### EXERCISE PROMPT
Your task is to restate word for word the lines in the material below, from the one with "The Hermès Black" up to and including the one with "しっかりめのコットン素材のボ". Do not carry over the pictures.

### DATASET RECORDS
______________________________

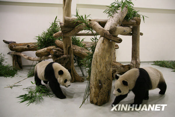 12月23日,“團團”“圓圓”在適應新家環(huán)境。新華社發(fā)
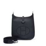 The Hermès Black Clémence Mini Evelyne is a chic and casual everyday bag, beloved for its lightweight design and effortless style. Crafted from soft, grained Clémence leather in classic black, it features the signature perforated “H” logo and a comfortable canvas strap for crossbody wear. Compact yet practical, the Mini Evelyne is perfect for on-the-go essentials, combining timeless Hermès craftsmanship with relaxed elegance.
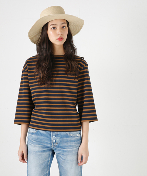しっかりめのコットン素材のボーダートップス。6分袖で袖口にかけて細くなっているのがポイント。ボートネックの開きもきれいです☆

______________________________

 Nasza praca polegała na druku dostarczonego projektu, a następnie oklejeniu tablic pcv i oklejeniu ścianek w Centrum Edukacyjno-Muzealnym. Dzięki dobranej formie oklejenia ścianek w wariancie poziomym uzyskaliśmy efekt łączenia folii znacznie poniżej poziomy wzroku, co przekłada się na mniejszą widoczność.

______________________________

### RESPONSE TO THE TASK
 The Hermès Black Clémence Mini Evelyne is a chic and casual everyday bag, beloved for its lightweight design and effortless style. Crafted from soft, grained Clémence leather in classic black, it features the signature perforated “H” logo and a comfortable canvas strap for crossbody wear. Compact yet practical, the Mini Evelyne is perfect for on-the-go essentials, combining timeless Hermès craftsmanship with relaxed elegance.
しっかりめのコットン素材のボーダートップス。6分袖で袖口にかけて細くなっているのがポイント。ボートネックの開きもきれいです☆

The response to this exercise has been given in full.